Public health agencies and science communicators need AI to scale evidence-based messaging, but they cannot safely deploy existing tools without a dedicated verification infrastructure. The core challenge isn’t AI’s ability to generate content – it’s the lack of a standardized, reproducible way to verify that such content is accurate, safe, and contextually appropriate for public health communications.
This case study presents how Science to People and Pacific AI developed a 12-week certification process for VeriSciLM, establishing the evaluation protocols required to enable trustworthy science communication at scale:
- Regulatory-Grade Alignment: Adopting a “Governance-by-Design” approach compliant with ISO/IEC 42005, the NIST AI RMF, CHAI guidelines, and the NAM Healthcare AI Code of Conduct to ensure alignment with emerging standards.
- Expert-Led Benchmarking: Implementing specialized red-teaming and bias testing calibrated against a panel of 13 science communication experts to move beyond generic accuracy metrics toward true public health utility.

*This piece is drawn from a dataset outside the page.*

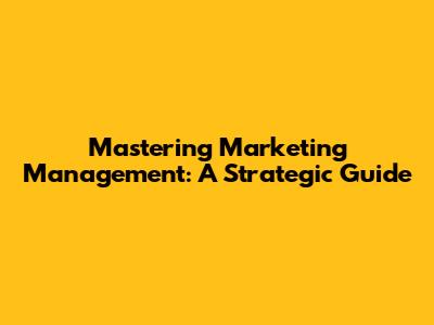 Mastering Marketing Management: A Strategic Guide

- Automated Guardrails: Operationalizing trust by embedding Guardian Agent evaluations into a CI/CD pipeline, enabling threshold-based enforcement that prevents “drift” or degradation during ongoing model development.
- Standardized Transparency: Generating CHAI-compliant Model Cards that document performance against healthcare-specific benchmarks (MedHELM, LangTest) and provide a clear clinical and scientific audit trail.

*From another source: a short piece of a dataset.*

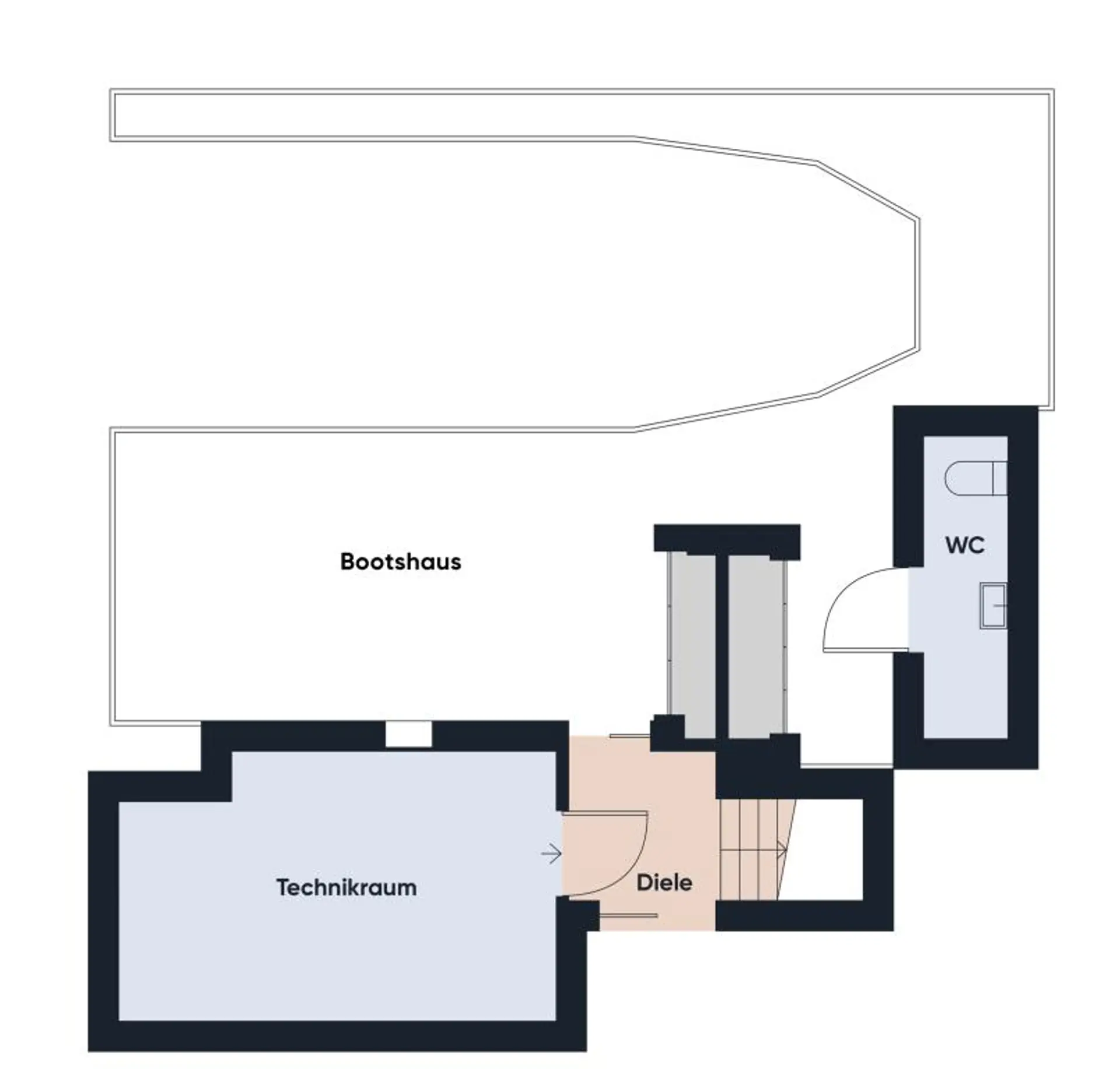 Das Erdgeschoss setzt diesem Objekt die Krone auf – ein einzigartiger Bar- und Loungebereich direkt am Wasser. Stapelbare Glaswände öffnen den Raum vollständig oder schützen ihn bei Bedarf. Hier sitzen Sie das ganze Jahr über wie in einer privaten Marina – nur näher, privater und exklusiver. Bei Wind, Wetter, Sonnenschein oder lauen Abenden: Dieser Raum ist das Herzstück für jede Bootsfahrt, jeden Sommerabend und jeden Besuch.

This evaluation framework now underpins both VeriSciLM (the core verification infrastructure) and Akari (the creator platform for digital science communication). Attendees will learn how to operationalize trust infrastructure – creating the quality assurance bridge between raw model capability and the rigorous demands of real-world deployment in public health, creator tools, and digital communication channels.